Selectors are usually either small chunks of logic to deal with potential logic of getting from big object to smaller object, which are then composed into other selectors to create new objects or models.

This library aims to use (Reselect)[https://github.com/reactjs/reselect] to compose selectors. For example, take our label examples above.

const getCurrentManifestLabel = createSelector(
  getCurrentManifest,
  function (manifest) {
    return getLabel(manifest);
  }
);

Now we have a selector that we can run our entire state through to get the current manifest label:

const state = {
  currentManifest: 'manifest1',
  manifests: {
    manifest1: {
      label: 'foobar',
    },
  },
};

const label = getCurrentManifestLabel(state); // foobar

We can build up a library of these selectors, and since they are simple functions they are easy to test and easy to replace.
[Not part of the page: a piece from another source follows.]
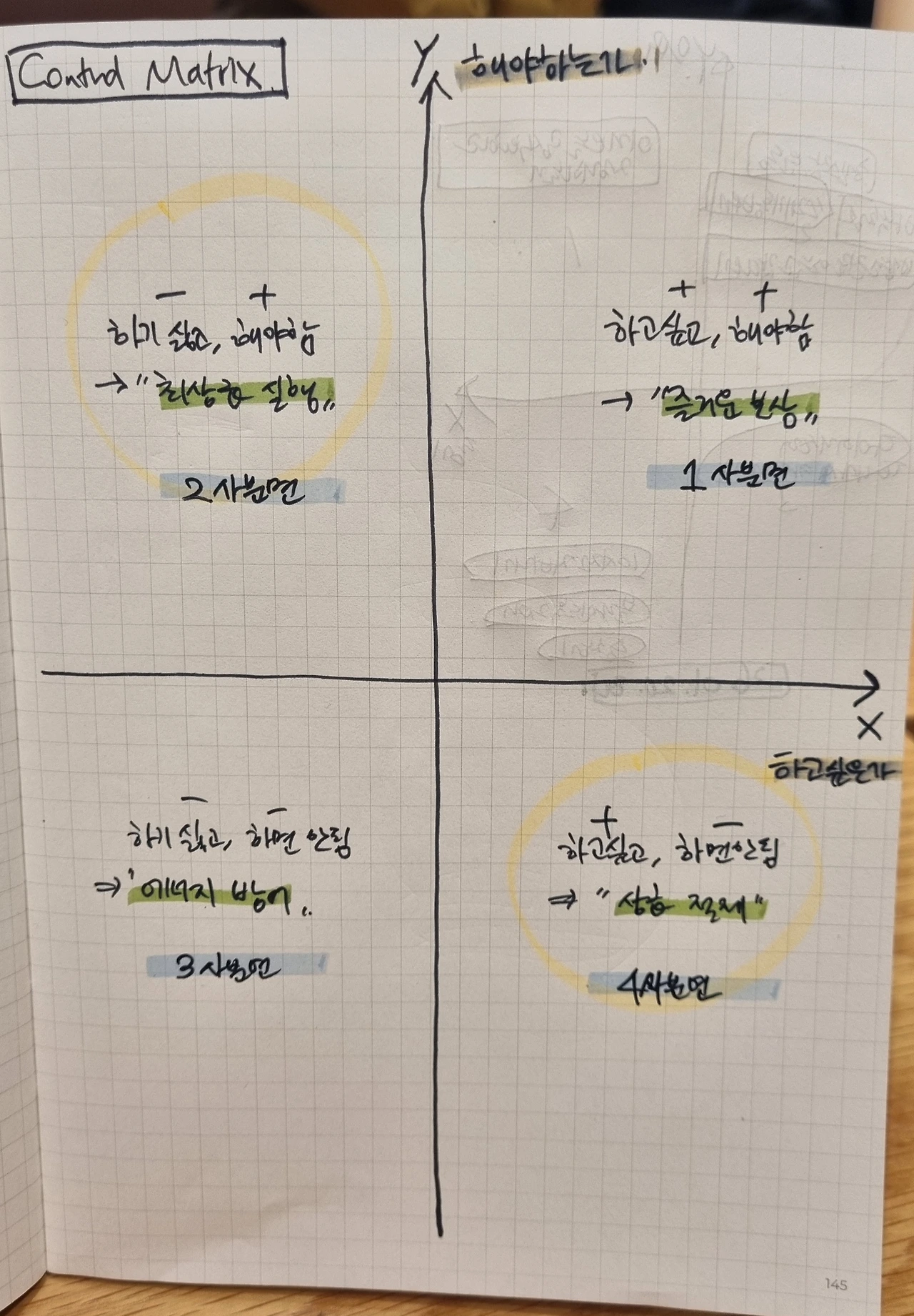 집에 와서는 다이어리에 좌표평면을 그렸다. X축은 '하고 싶은가(동기)', Y축은 '해야 하는가(의무)'. 이에 따라 내가 각별히 신경 써야 할 영역이 2사분면(하기 싫어도 해야 함, ex 운동)과 4사분면(하고 싶은데 하면 안 됨, ex 음주)이란 걸 시각화할 수 있었다. 더 중요한 건, 눈에 보이게 그리고 나니 선택지의 존재가 전제처럼 당연하고, 내게 선택할 수 있는 '권한'과 '능력'이 있는 것처럼 느껴졌다. 그전에는 습관이나 이미 수없이 실패한 경험에 비추어 의식에 떠오르지 않았을 선택지들이 온전히 동등하게 자리 잡기 시작했다. 게다가 좌표평면을 그리고 영역을 나누니 이게 마치 내 행동목록을 각 영역에 분류해 넣는 게임처럼 느껴져 재미있었다.

Take for example, the upcoming Presentation 3 changes which changes the structure of the label field to use language maps (simplified example):

const getCurrentManifestLabel = createSelector(
  getCurrentManifest,
  getCurrentLocale,
  function(manifest, locale) {
    const label = getLabel(manifest);
    if (label[locale]) {
      return label[locale][0];
    }
    return label['@none'][0];
  }
);

We could go further and split out rationale of international strings too:

const getLocalisedString = function (localeMap) {
  return createSelector(
    getCurrentLocale,
    function (locale) {
      if (localeMap[locale]) {
        return localeMap[locale][0];
      }
      return localeMap['@none'][0];
    }
  );
}

So as this language handling is able to handle more logic, configuration etc. its benefits all components, much like creating helpers.

Lastly when you come to use these selectors you can build up a custom data structure from these selectors:

const myModel = createStructuredSelector({
  label: getCurrentManifestLabel,
  description: getCurrentManifestDescription,
  metadata: getCurrentManifestMetadata,
  thumbnails: getThumbnails(4, { width: 200 })
});

Memoization

An important aspect of reselect is how it caches results of the selectors based on the input. More information

So if we called:

getCurrentManifest(state);
getCurrentManifest(state);
getCurrentManifestLabel(state);
getCurrentManifestDescription(state);

Since the state here never changes each of our selectors will only be called once, even though the last two are composed of the the first one.

For this to work, one of Redux's best practices should be followed: Immutable state

This ensures that oldState !== newState whenever anything changes in the tree.